--- EXERCISE DATA Enclosed Below ---

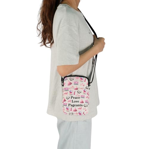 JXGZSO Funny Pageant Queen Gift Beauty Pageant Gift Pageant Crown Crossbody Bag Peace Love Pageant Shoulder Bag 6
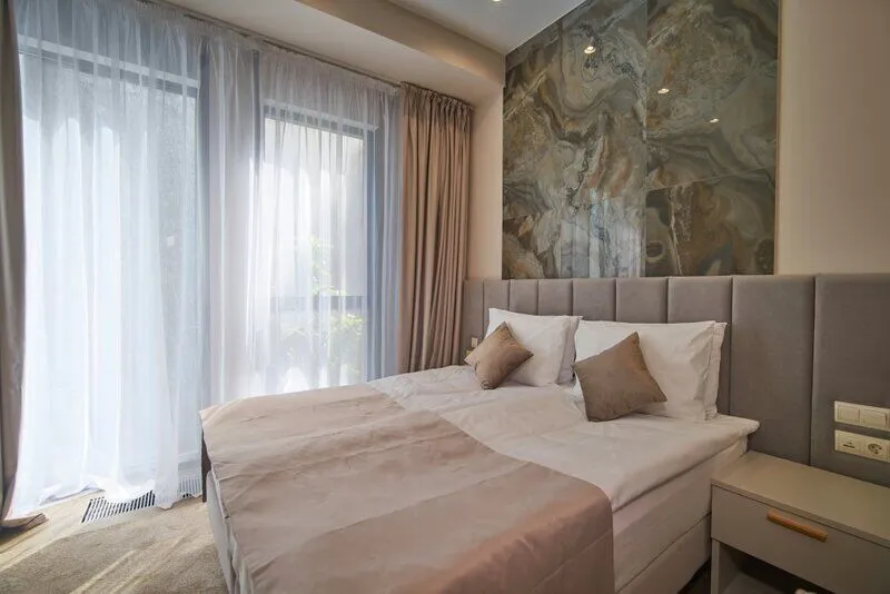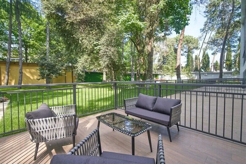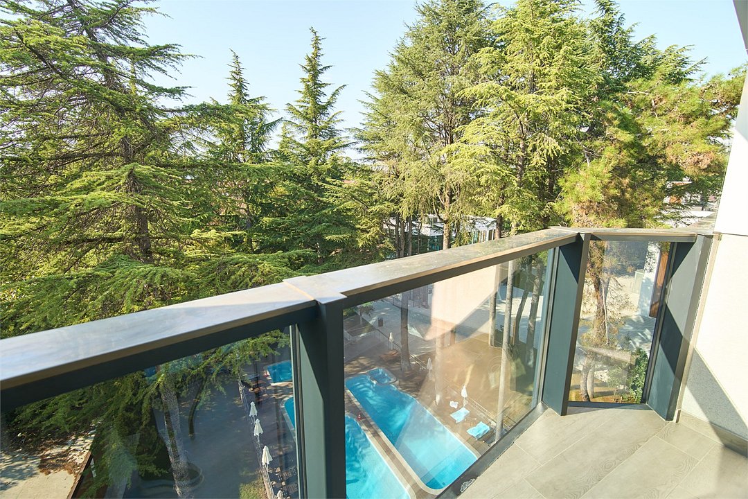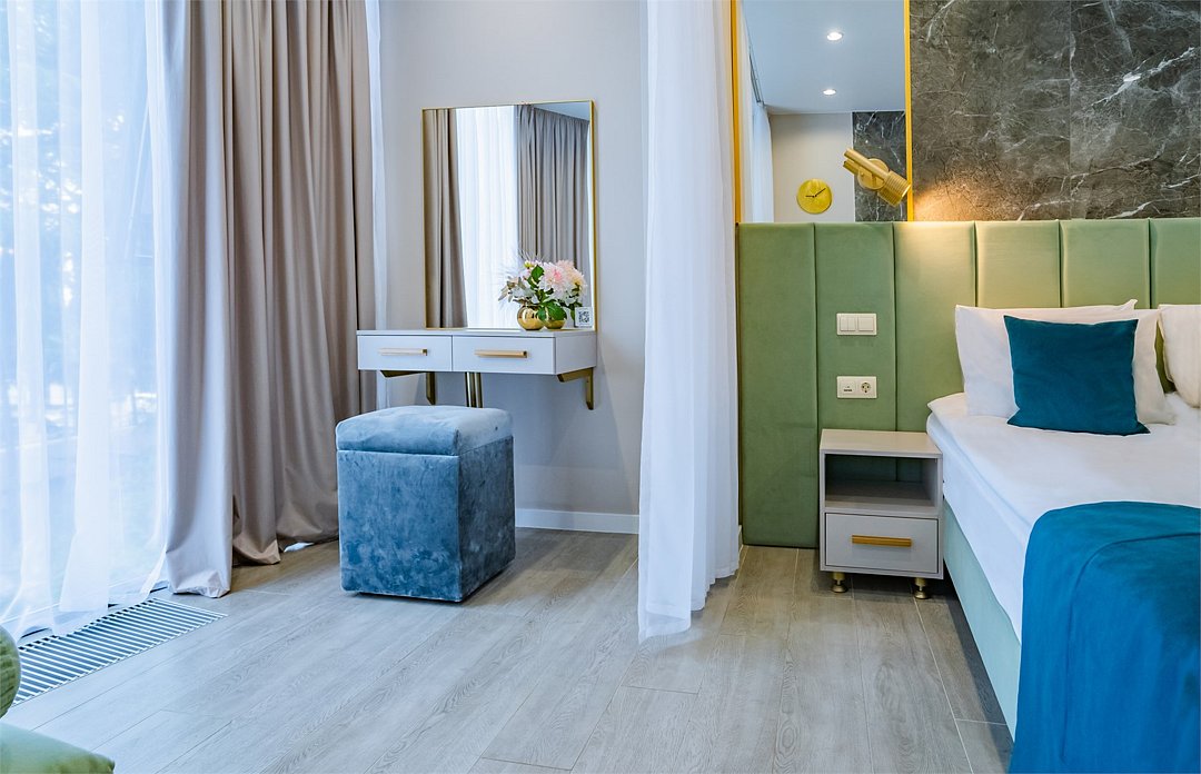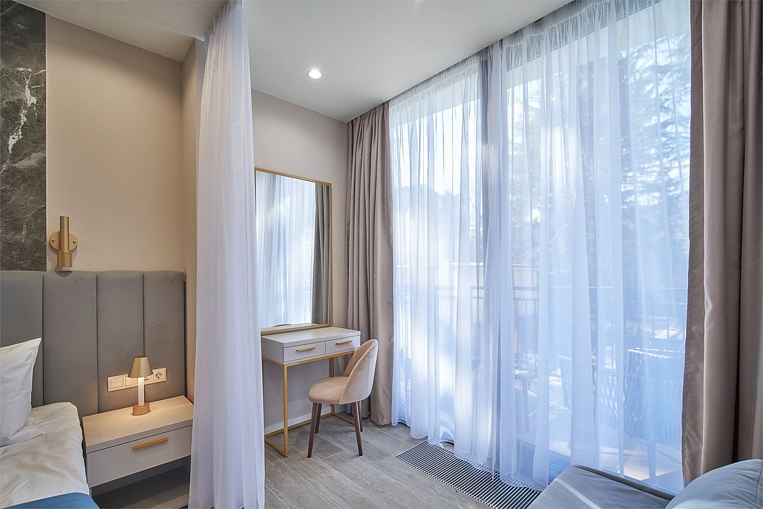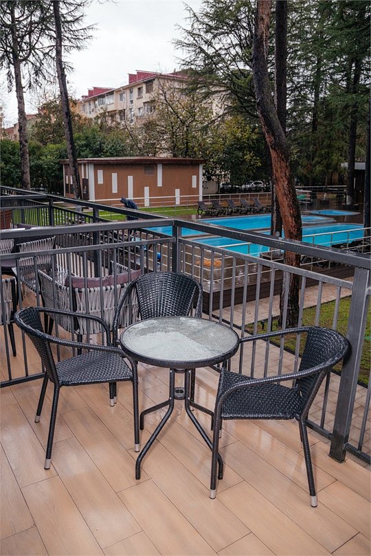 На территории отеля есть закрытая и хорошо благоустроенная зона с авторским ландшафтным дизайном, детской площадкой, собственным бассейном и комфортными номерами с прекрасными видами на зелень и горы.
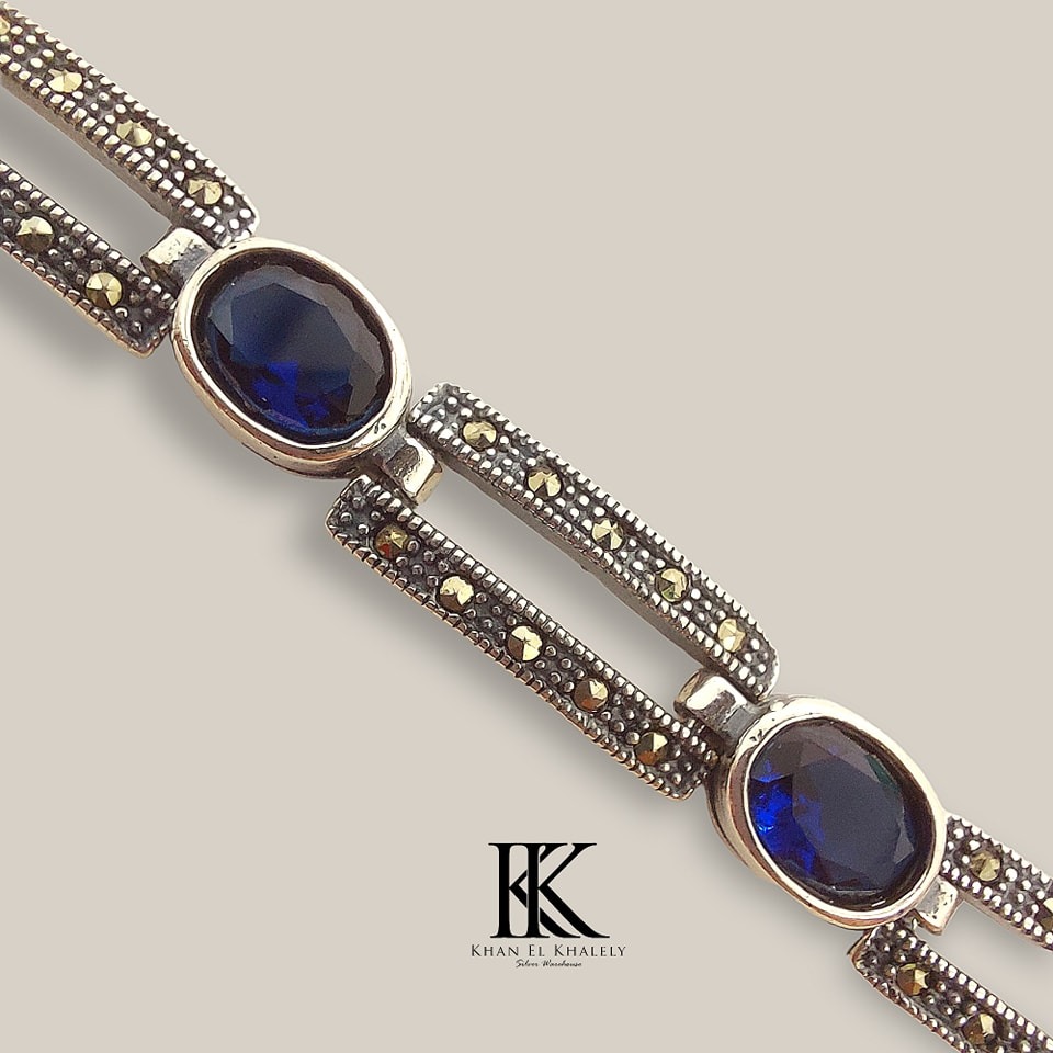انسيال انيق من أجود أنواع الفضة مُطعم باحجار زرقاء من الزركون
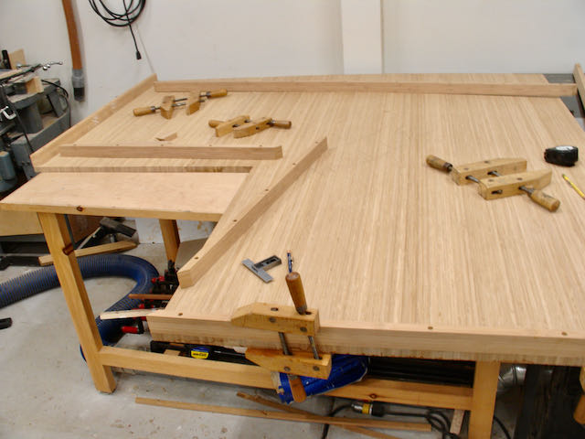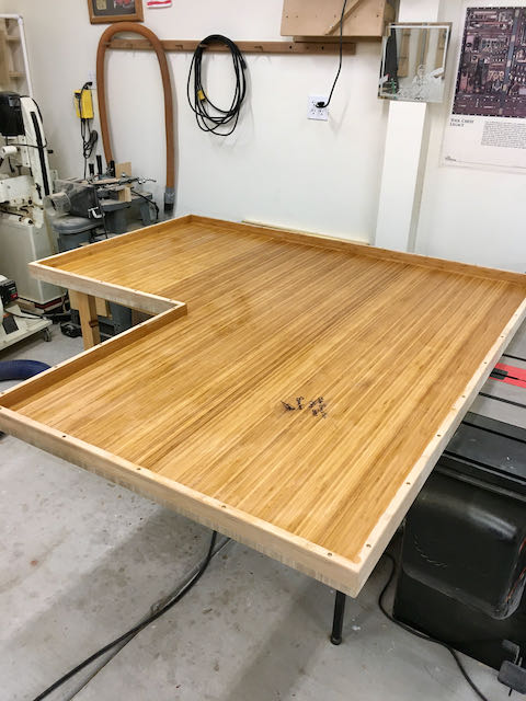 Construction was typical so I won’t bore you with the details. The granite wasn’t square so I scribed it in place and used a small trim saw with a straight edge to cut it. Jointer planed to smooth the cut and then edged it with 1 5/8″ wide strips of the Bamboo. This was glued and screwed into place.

--- End of Enclosed EXERCISE DATA ---

PROBLEM: Would you copy out the material above exactly, without the pictures in it?

SOLUTION:
 JXGZSO Funny Pageant Queen Gift Beauty Pageant Gift Pageant Crown Crossbody Bag Peace Love Pageant Shoulder Bag 6
 На территории отеля есть закрытая и хорошо благоустроенная зона с авторским ландшафтным дизайном, детской площадкой, собственным бассейном и комфортными номерами с прекрасными видами на зелень и горы.
انسيال انيق من أجود أنواع الفضة مُطعم باحجار زرقاء من الزركون
 Construction was typical so I won’t bore you with the details. The granite wasn’t square so I scribed it in place and used a small trim saw with a straight edge to cut it. Jointer planed to smooth the cut and then edged it with 1 5/8″ wide strips of the Bamboo. This was glued and screwed into place.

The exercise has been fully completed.